Паранормальные явления – это в каком-то смысле злоупотребление тем естественным чувством поэтического изумления, которое должно подпитываться подлинной наукой. Угроза другого рода исходит от того, что мы вправе назвать плохой поэзией. Глава о “высоких символов туманном рое” предостерегает против соблазна поэтического дурновкусия в науке, против пленительных и обманчивых разглагольствований. В качестве конкретного примера я рассматриваю ученого, который трудится в той же сфере науки, что и я, и чей яркий, образный литературный стиль оказал несоразмерное и, боюсь, скверное влияние на понимание эволюционной теории в Америке. Однако основной упор в моей книге делается все-таки на хорошую поэзию в науке. Под ней я, разумеется, имею в виду не науку, написанную стихами, а науку, вдохновляемую поэтическим чувством изумления.
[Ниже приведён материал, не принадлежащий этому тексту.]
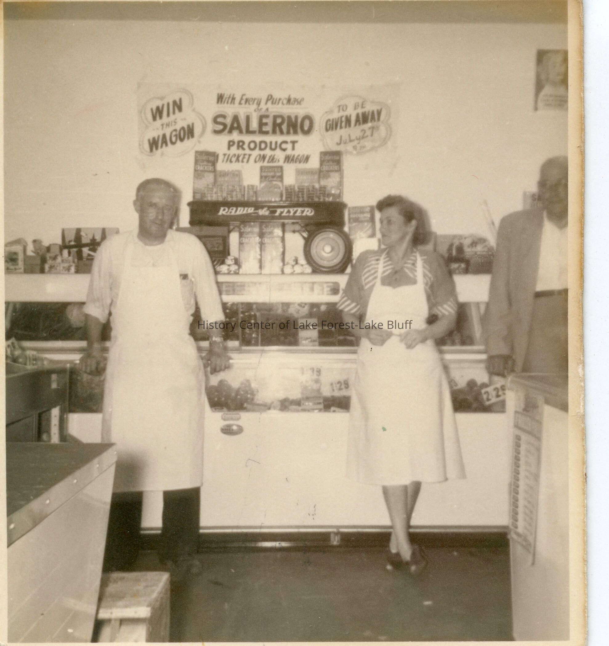 Earl J. Greene, Mathilda Zieman Greene, and an unidentified man standing in front of grocery case at the Greene's Midwest Store and Market. The store was owned by Mathilda Zieman Greene and Earl J. Greene. Black and white photo.

В четырех последних главах, обращаясь к четырем различным, но взаимосвязанным темам, я пытаюсь намекнуть, на что именно могли бы направить свое вдохновение ученые-поэты, более одаренные, чем я сам. Какими бы “эгоистичными” ни были гены, иногда они могут друг с другом и “сотрудничать” – в том смысле, который вкладывал в это слово Адам Смит. (Вот почему глава “Эгоистическое сотрудничество” начинается с высказывания самого Смита – правда, не на эту тему, а об удивительном вообще.) Гены биологического вида можно представить как описание тех миров, в которых жили его предки, – как “генетическую Книгу мертвых”. Сходным образом и головной мозг, “заново сплетая мир”, создает разновидность “виртуальной реальности”, беспрестанно обновляющейся у нас в голове. В главе “Воздушный шарик разума” я строю гипотезы о происхождении наиболее уникальных особенностей нашего с вами биологического вида и в конце концов снова возвращаюсь непосредственно к поэтическим порывам и к той роли, которую они могли сыграть в нашей эволюции.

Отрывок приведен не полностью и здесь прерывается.